_SOURCE MATERIAL:_
—————
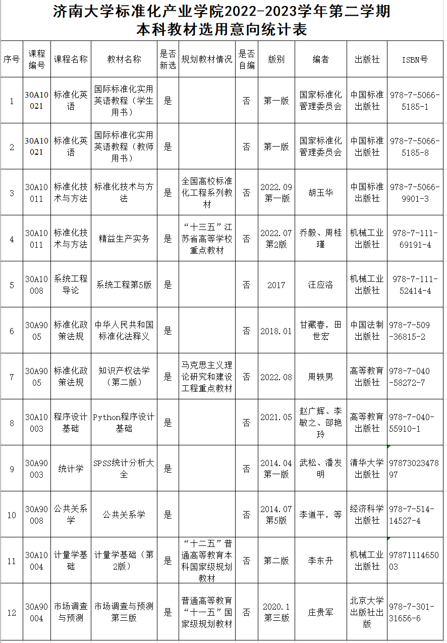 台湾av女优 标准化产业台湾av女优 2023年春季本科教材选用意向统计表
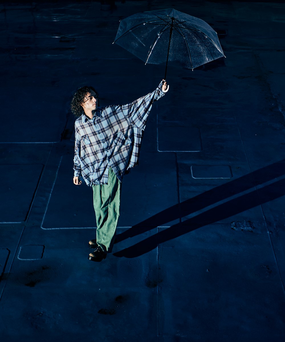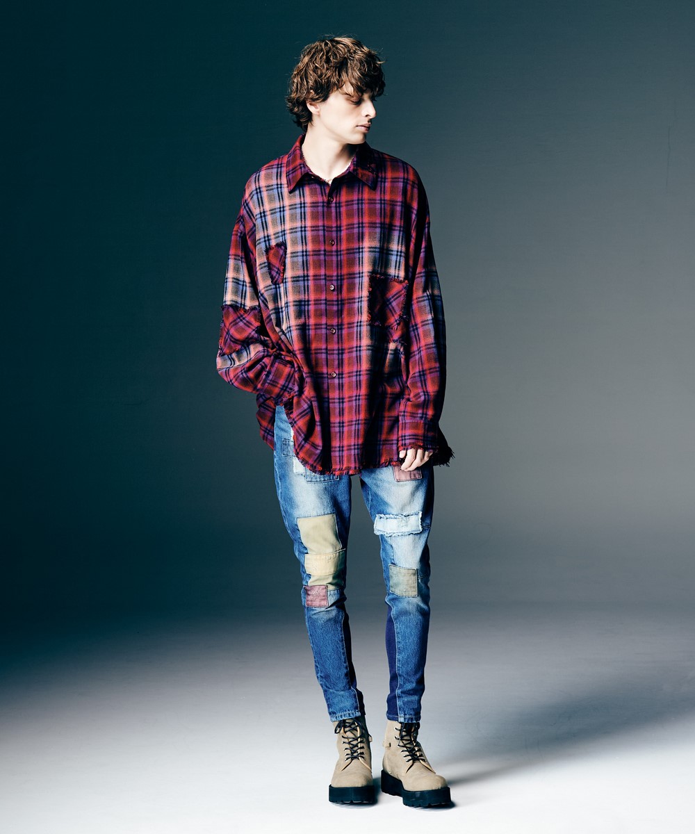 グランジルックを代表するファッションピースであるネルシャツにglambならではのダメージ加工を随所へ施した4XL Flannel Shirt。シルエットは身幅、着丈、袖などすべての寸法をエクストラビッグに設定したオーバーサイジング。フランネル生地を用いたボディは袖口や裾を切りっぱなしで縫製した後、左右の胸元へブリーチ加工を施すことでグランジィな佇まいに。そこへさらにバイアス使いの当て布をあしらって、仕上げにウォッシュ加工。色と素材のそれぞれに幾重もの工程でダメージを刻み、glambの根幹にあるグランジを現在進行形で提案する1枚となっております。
—————
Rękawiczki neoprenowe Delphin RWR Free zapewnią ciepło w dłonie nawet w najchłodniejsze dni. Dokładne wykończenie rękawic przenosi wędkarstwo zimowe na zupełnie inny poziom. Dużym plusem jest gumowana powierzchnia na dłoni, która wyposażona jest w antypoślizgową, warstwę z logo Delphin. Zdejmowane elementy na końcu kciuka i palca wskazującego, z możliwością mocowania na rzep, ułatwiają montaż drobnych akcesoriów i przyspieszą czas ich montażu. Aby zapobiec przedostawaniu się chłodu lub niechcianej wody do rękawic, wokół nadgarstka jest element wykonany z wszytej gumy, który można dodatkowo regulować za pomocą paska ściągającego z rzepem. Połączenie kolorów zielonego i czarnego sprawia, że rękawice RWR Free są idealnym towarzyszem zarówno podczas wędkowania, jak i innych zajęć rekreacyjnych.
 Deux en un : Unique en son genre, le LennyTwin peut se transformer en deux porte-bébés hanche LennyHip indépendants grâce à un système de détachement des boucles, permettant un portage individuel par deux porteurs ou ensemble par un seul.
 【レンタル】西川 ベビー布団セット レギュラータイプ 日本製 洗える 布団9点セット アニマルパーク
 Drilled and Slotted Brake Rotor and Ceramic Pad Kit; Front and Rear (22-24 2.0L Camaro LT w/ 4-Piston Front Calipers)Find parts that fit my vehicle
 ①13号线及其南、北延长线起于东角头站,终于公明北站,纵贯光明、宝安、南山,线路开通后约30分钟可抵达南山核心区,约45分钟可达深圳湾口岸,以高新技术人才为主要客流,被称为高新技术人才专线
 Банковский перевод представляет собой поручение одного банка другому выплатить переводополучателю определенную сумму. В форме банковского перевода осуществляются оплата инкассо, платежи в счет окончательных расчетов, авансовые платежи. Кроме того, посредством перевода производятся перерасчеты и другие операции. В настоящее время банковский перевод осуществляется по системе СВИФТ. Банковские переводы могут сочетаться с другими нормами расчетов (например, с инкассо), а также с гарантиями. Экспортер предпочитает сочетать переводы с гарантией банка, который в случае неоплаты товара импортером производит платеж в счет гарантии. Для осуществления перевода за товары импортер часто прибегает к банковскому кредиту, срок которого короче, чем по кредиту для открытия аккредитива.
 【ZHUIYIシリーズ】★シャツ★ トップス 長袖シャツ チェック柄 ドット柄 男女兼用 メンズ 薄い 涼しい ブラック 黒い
—————
In the entries above, find the line holding "①13号线及其南、北延长线起" and the line holding "涼しい ブラック 黒い", then retype exactly those two lines and every line between them, and nothing else.

_RESULT:_
 ①13号线及其南、北延长线起于东角头站,终于公明北站,纵贯光明、宝安、南山,线路开通后约30分钟可抵达南山核心区,约45分钟可达深圳湾口岸,以高新技术人才为主要客流,被称为高新技术人才专线
 Банковский перевод представляет собой поручение одного банка другому выплатить переводополучателю определенную сумму. В форме банковского перевода осуществляются оплата инкассо, платежи в счет окончательных расчетов, авансовые платежи. Кроме того, посредством перевода производятся перерасчеты и другие операции. В настоящее время банковский перевод осуществляется по системе СВИФТ. Банковские переводы могут сочетаться с другими нормами расчетов (например, с инкассо), а также с гарантиями. Экспортер предпочитает сочетать переводы с гарантией банка, который в случае неоплаты товара импортером производит платеж в счет гарантии. Для осуществления перевода за товары импортер часто прибегает к банковскому кредиту, срок которого короче, чем по кредиту для открытия аккредитива.
 【ZHUIYIシリーズ】★シャツ★ トップス 長袖シャツ チェック柄 ドット柄 男女兼用 メンズ 薄い 涼しい ブラック 黒い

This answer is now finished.